> [About this exercise]:
Under this line are the records; repeat exactly the lines starting at the one containing "成都市锦江区娇子小学六年级学生吴小小在家中通过电信IPTV收看四川云教电视课堂" and ending at the one containing "The Alithea Single", omitting pictures.

> [Data for this exercise]:
----------
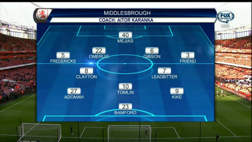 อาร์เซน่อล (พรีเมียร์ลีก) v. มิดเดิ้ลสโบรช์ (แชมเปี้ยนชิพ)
----------
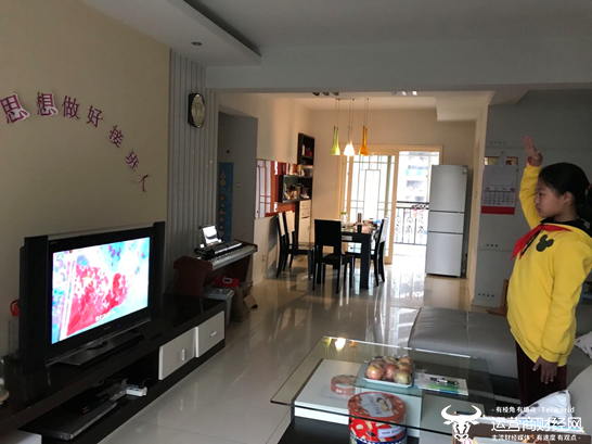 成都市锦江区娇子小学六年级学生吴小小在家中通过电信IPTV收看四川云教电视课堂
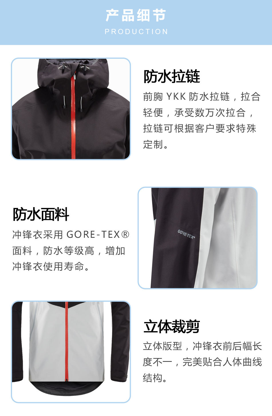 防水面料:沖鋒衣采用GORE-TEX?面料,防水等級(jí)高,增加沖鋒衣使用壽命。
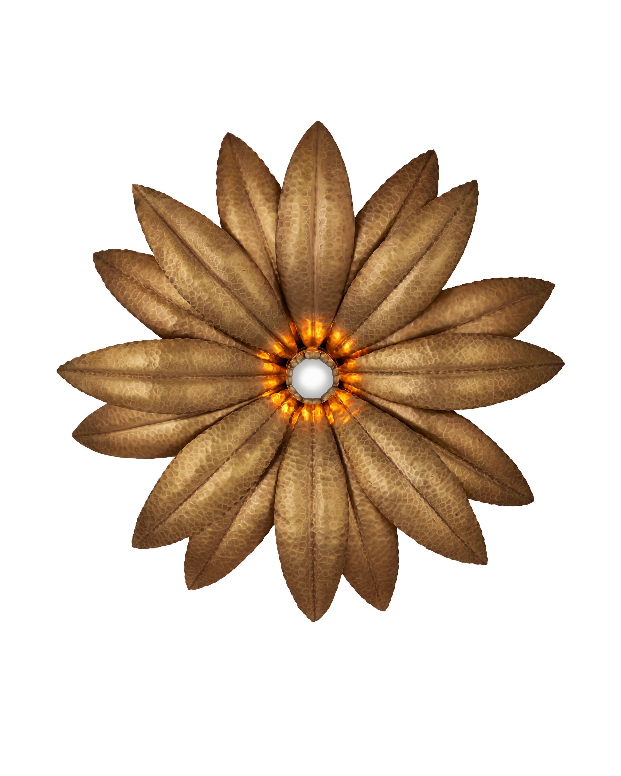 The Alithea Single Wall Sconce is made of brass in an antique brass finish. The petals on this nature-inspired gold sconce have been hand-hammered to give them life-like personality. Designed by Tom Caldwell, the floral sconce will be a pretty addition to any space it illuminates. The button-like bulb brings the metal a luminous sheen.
----------
> [Solution for this problem]:
 成都市锦江区娇子小学六年级学生吴小小在家中通过电信IPTV收看四川云教电视课堂
 防水面料:沖鋒衣采用GORE-TEX?面料,防水等級(jí)高,增加沖鋒衣使用壽命。
 The Alithea Single Wall Sconce is made of brass in an antique brass finish. The petals on this nature-inspired gold sconce have been hand-hammered to give them life-like personality. Designed by Tom Caldwell, the floral sconce will be a pretty addition to any space it illuminates. The button-like bulb brings the metal a luminous sheen.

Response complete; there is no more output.